## [What to work on]
Pictures are to be left out; otherwise, copy exactly the lines from the line containing "A cottage core" through the end of the data.

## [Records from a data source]

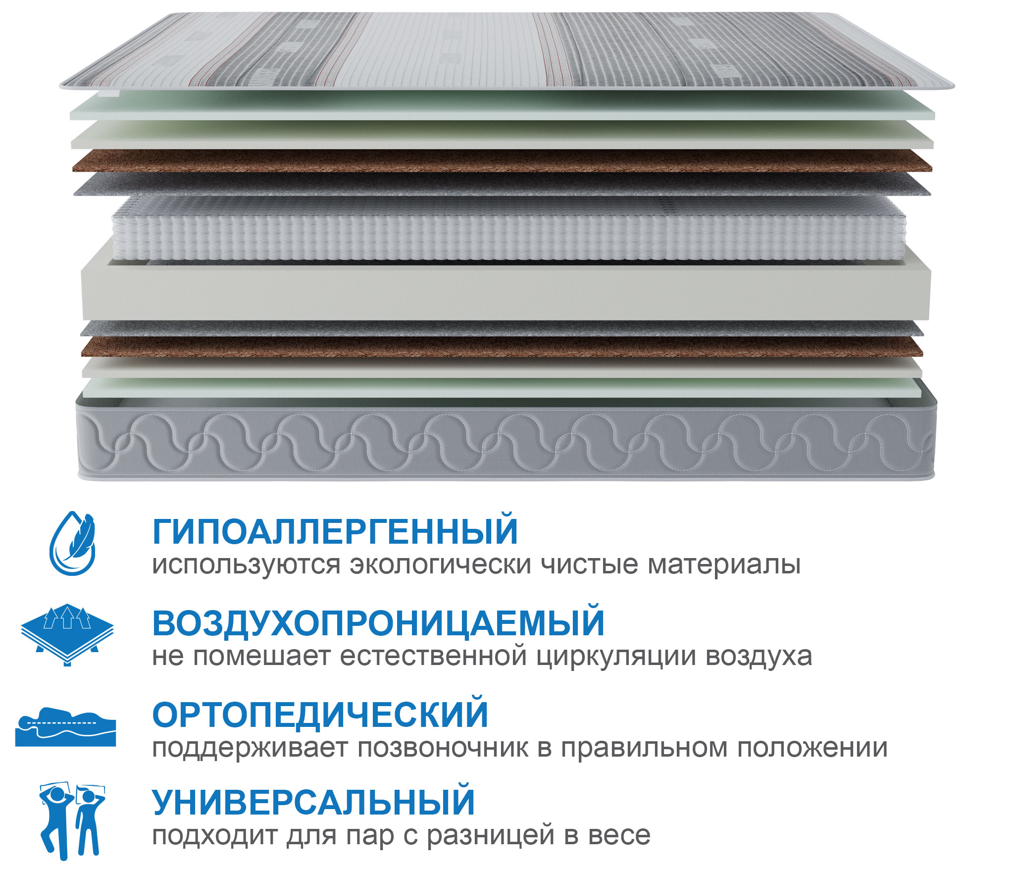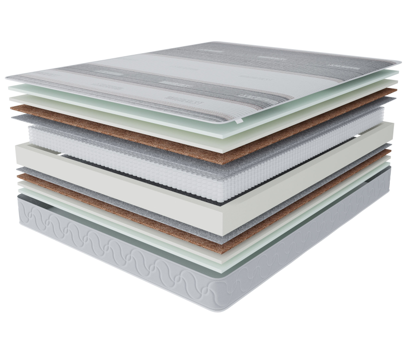 С обеих сторон матраса в качестве комфортного слоя используется 2 см искусственного латекса, этот материал очень долговечный и упругий, благодаря этому слою на этом матрасе будет одинаково комфортно людям разных весовых категорий. Для распределения нагрузки и придания необходимой жесткости используется латексированный кокосовый лист, который кладется под латекс. В основе матраса лежит блок независимых пружин, благодаря которому матрас будет индивидуально подстраиваться под каждого спящего и оказывать обратное давление только там, где это действительно необходимо. Чехол матраса сделан из плотного мягкого трикотажа, который стегается на 15 мм пене и синтепоне, что добавляет не много мягкости. Обращаем ваше внимание на то, что любой матрас отвечает за правильность положения во время сна нижнего и среднего отделов позвоночника, а за правильность положения шейного отдела отвечает правильно подобранная ортопедическая подушка. Рекомендуем использование с защитным чехлом AquaStop.
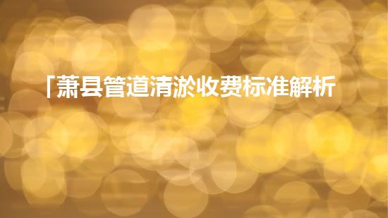 「萧县管道清淤收费标准解析:价值、含义与合理性」
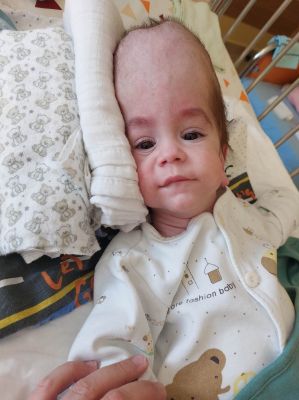 “Божидар е вече на 1 годинка и тежи едва 5 килограма. В момента Божи отново се нуждае от операция, тъй като вътречерепното налягане расте. Неврохирурзите тук казват, че ако поставят клапа, вероятността тя отново да се инфектира е почти 100%, а друго лечение за хидроцефалия няма.”
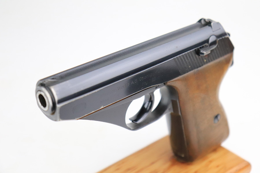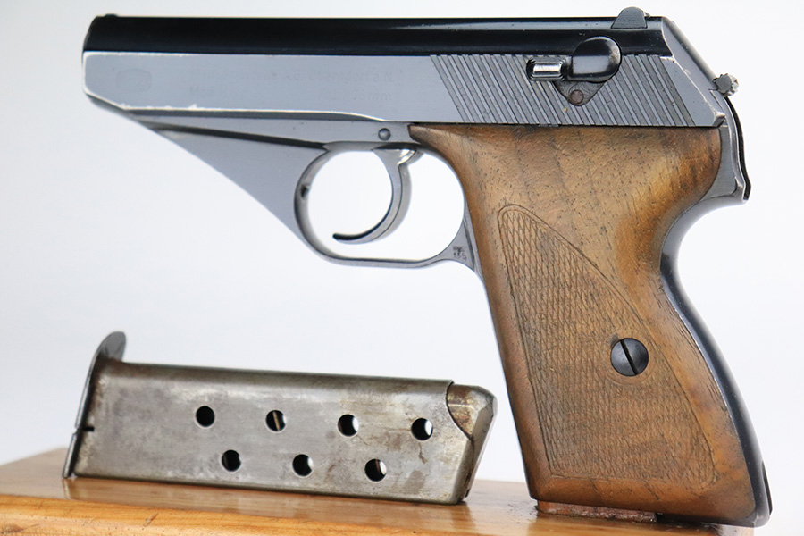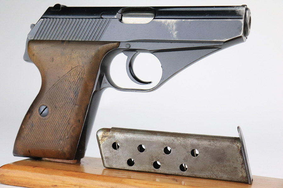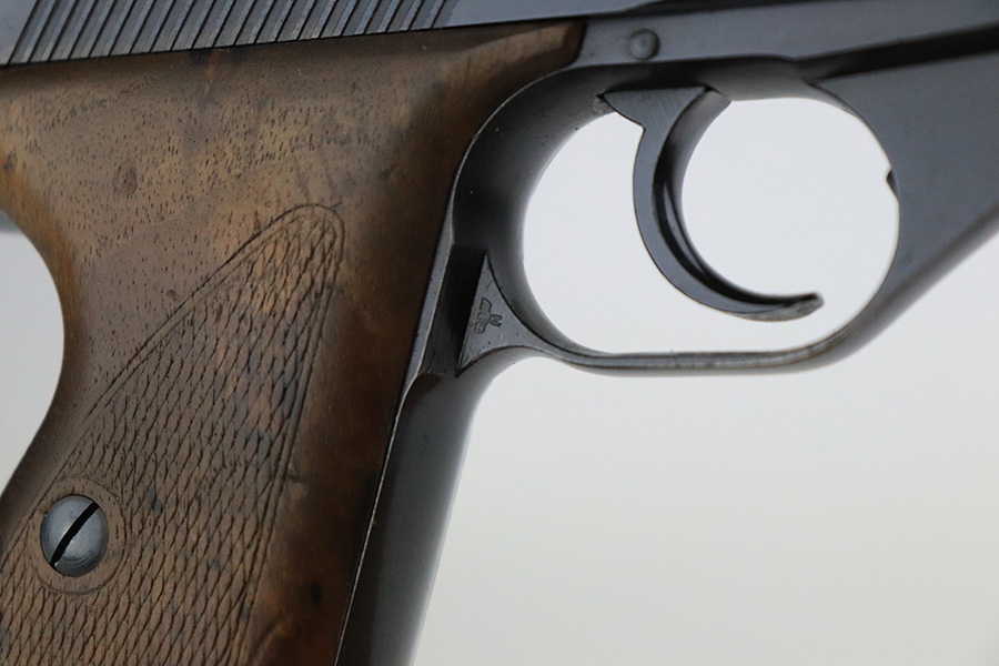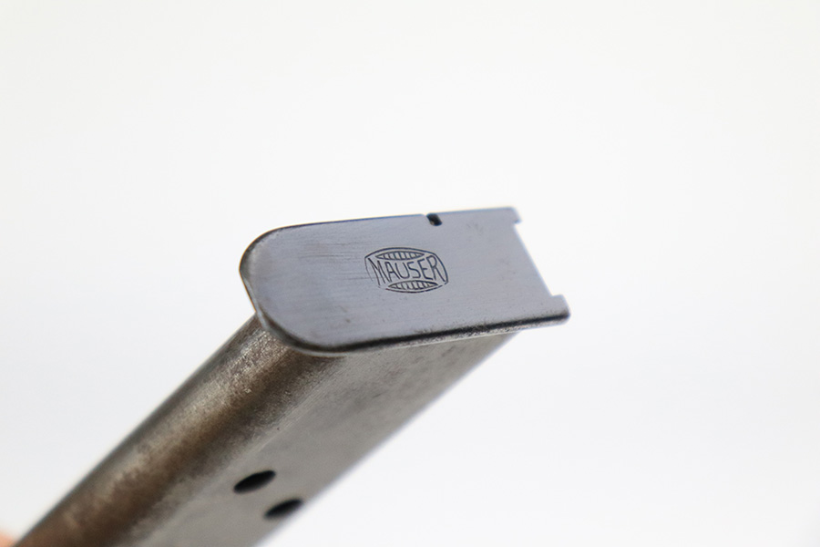7/26/22 – This is a very nice example of an early high polish Mauser HSC issued to the Nazi military in 1942. It is all matching and has the proper early “Eagle 135” military acceptance proof. It also has the early lanyard ring on the back of the frame. It has retained about 93-94% of its original high polish finish. There is minor muzzle wear and a light streak of wear on the front strap, but most of the wear is on the right side of the slide. It comes with slightly worn wood grips and one proper magazine. The bore is excellent with strong rifling.
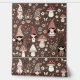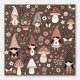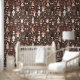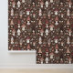 A cottage core folk art style wall paper with cute little fairy gnomes, mushrooms, flowers in mauve, brown and burgundy.
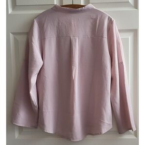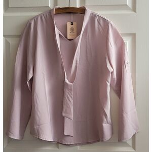 For sale is this Moyabo Womens L Bow Tie Neck Roll-Up Long Sleeve Corpcore Pink Chiffon Blouse NWT. Comes from a Smoke-Free Shop.
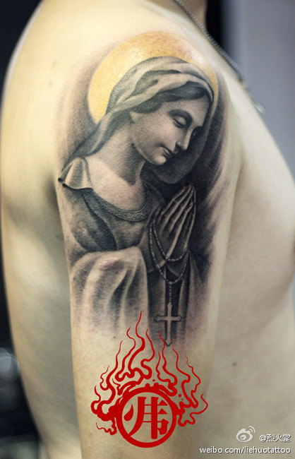 手臂潮流经典的圣母肖像纹身图案
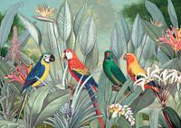Voor het laten afdrukken op canvas, hout, behang of doek verwijs ik u graag naar mijn kunstwerk “Birds in Paradise” (code 655054 ). Dat is hetzelfde tafereel als waar u nu naar kijkt, maar dan zonder het diepte effect, waardoor het werk een meer vintage en retro uitstraling heeft.
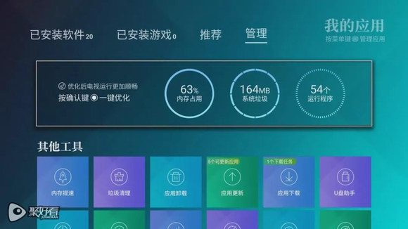 方法六:定期清理缓冲垃圾。长时间使用电视就会累积不少缓冲垃圾,甚至有些没必要的应用占用运行内存,因此定期清理也是能有效降低功效,从而起到散热效果。在海信电视的【我的应用】里的【管理】就可以清理咯。

## [Expected output]
 A cottage core folk art style wall paper with cute little fairy gnomes, mushrooms, flowers in mauve, brown and burgundy.
 For sale is this Moyabo Womens L Bow Tie Neck Roll-Up Long Sleeve Corpcore Pink Chiffon Blouse NWT. Comes from a Smoke-Free Shop.
 手臂潮流经典的圣母肖像纹身图案
Voor het laten afdrukken op canvas, hout, behang of doek verwijs ik u graag naar mijn kunstwerk “Birds in Paradise” (code 655054 ). Dat is hetzelfde tafereel als waar u nu naar kijkt, maar dan zonder het diepte effect, waardoor het werk een meer vintage en retro uitstraling heeft.
 方法六:定期清理缓冲垃圾。长时间使用电视就会累积不少缓冲垃圾,甚至有些没必要的应用占用运行内存,因此定期清理也是能有效降低功效,从而起到散热效果。在海信电视的【我的应用】里的【管理】就可以清理咯。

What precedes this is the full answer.